CSE 490h: Problem-solving on large-scale clusters: theory and applications

University of Washington Computer Science & Engineering

CSE Home

About Us

Contact Info

Home

Calendar & Readings

Grading & Objectives

Projects

Staff

Anonymous Feedback

Mail archive

In any reasonably complex system, it's rare that there is a single so-called "correct" answer; more often, the final solution is a balance of various tradeoffs. Oftentimes, a choice must be made between system complexity, reliability guaranteees (where "reliability" may mean several things, including as data consistancy or system uptime), or runtime (where "runtime" may mean several things, such as latency or bandwidth).
With that in mind, please answer the following questions when reading the MapReduce paper. If you're not used to diving directly into academic papers, this reader might provide a gentler introduction to MapReduce's underlying concepts.

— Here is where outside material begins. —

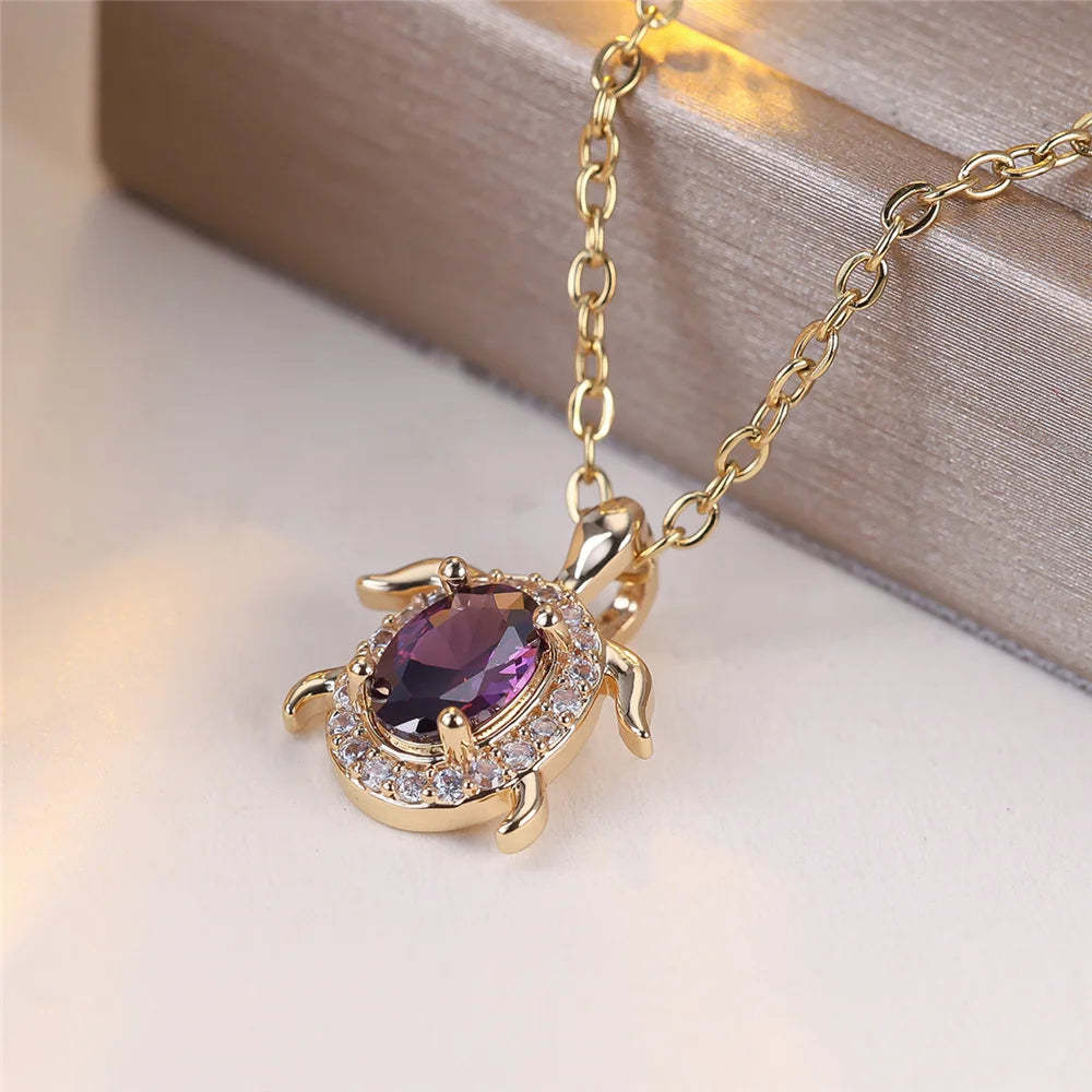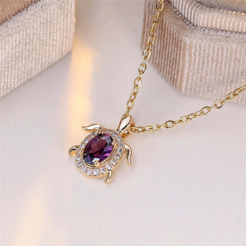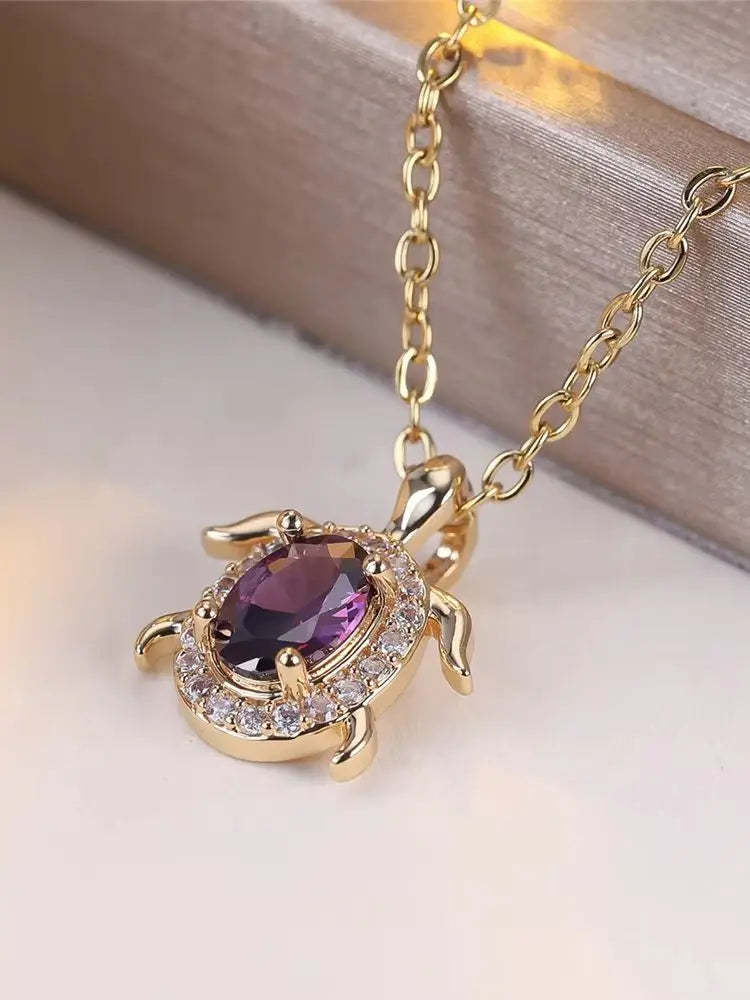 The turtle has long been a symbol of longevity, protection, and steady progress. This little companion reminds us that life's most meaningful moments come not from rushing, but from moving forward with purpose and heart. The deep purple crystals capture the mystery of twilight skies, while golden warmth radiates from its vintage-inspired setting.

Name two possible uses for MapReduce besides WordCount. Do not list problems that calculate a specific attribute of the words in a document corpus, eg, DistributedGrep or WhitespaceCount.
What kind of constraints does MapReduce place on its problem domain? Said in another way, what applications would not work in MapReduce? eg, could you use MapReduce's for Amazon's shopping cart? How about SETI@Home? An MMORPG?
Besides MapReduce, what is another possible strategy for parallelizing computation over a large document corpus? What are the strengths and weaknesses of that system relative to MapReduce?
What are the scarce resources in a MapReduce system (eg, disk space, personnel, CPU)? What is the absolute limit for adding those resources into a MapReduce system (eg, if skilled personnel were the limiting resource, then the hard limit would be the number of skilled labourers)? Assuming that limit were reached, how could MapReduce be tweaked to reduce dependancy on that resource?
* Bonus question: In an earlier lecture, we gave an example of shuffling the sentances in a document set by assigning each sentance a randomly-generated key. While this solution works in the theoretical MapReduce model, it is not guaranteed to work in practice. Why?